Is there any need for further regulation?

22.19 The Inquiry asked whether, in the specific context of genetic registers, federal, state and territory privacy laws provide an adequate framework for protecting the privacy of genetic samples and information.[24]

22.20 One submission raised concerns about the privacy of information contained on a Huntington’s disease genetic register.[25] The submission stated that identifying information had been transferred in the 1980s from a research institute to a Brisbane hospital, without the knowledge or consent of the individuals to whom the information related.

22.21 The Privacy Act would generally require consent to be obtained prior to such a transfer of health information.[26] However, if the organisations involved are state authorities,[27] the Privacy Act may not apply to the collection or disclosure of the information being transferred[28]—emphasising the need for harmonisation of federal, state and territory privacy laws (see Chapter 7).

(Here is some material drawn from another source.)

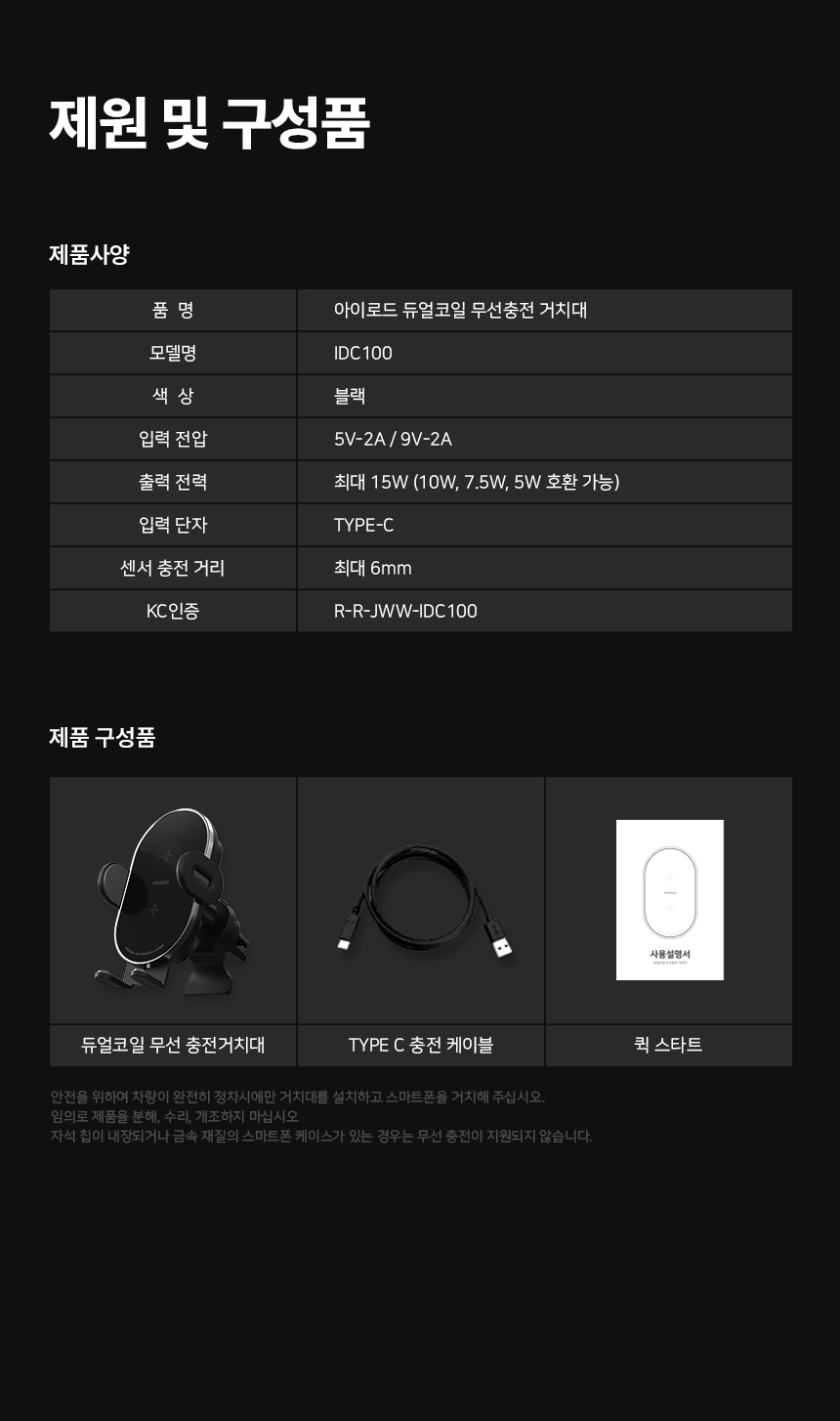| 1. 품명 및 모델명 | 아이로드 차량용 핸드폰 듀얼코일 무선충전거치대 |

22.22 The Inquiry has not been made aware of any other specific concerns about the privacy of genetic samples and information held on genetic registers. The HGSA observed that, in fact, there are very few genetic registers in Australia at the present time and that ‘participation in such registers is with consent’. The HGSA considered that

professional ethics/codes of conduct and mechanisms for censure of health professionals, the Privacy Acts and associated penalties for breach, State privacy laws/regulations, guidelines from the NHMRC and other bodies, the risk management practices of hospitals and the common law appear to provide adequate protection for genetic information collected in the context of genetic registers.[29]

22.23 A similar view was expressed by the Centre for Law and Genetics, which stated that it was not aware of any specific breaches of privacy in dealings with established genetic registers governed by the NHMRC Guidelines for Genetic Registers. The Centre considered that genetic registers and their operation should remain under the regulation of codes of ethical practice.[30]

22.24 However, submissions have focused on a number of practical problems concerning the way in which the Privacy Act and other privacy legislation may overly constrain the operation of genetic registers and the conduct of genetic counselling. These concerns are discussed below in relation to the collection, de-identification, use and disclosure of information on genetic registers.

[24] Australian Law Reform Commission and Australian Health Ethics Committee, Protection of Human Genetic Information, IP 26 (2001), ALRC, Sydney, Question 9–2.

[25]Confidential Submission G126CON, 12 March 2002.

[26] Or, at least, prior to the collection of the information by the new organisation: see Office of the Federal Privacy Commissioner, Guidelines on Privacy in the Private Health Sector (2001), OFPC, Sydney, 47–48.

[27] In terms of the Privacy Act 1988 (Cth) s 6C(3).

[28] Depending on where registers are established and maintained, state or territory privacy legislation may apply.

[29] Human Genetics Society of Australasia, Submission G050, 14 January 2002.

[30] Centre for Law and Genetics, Submission G048, 14 January 2002.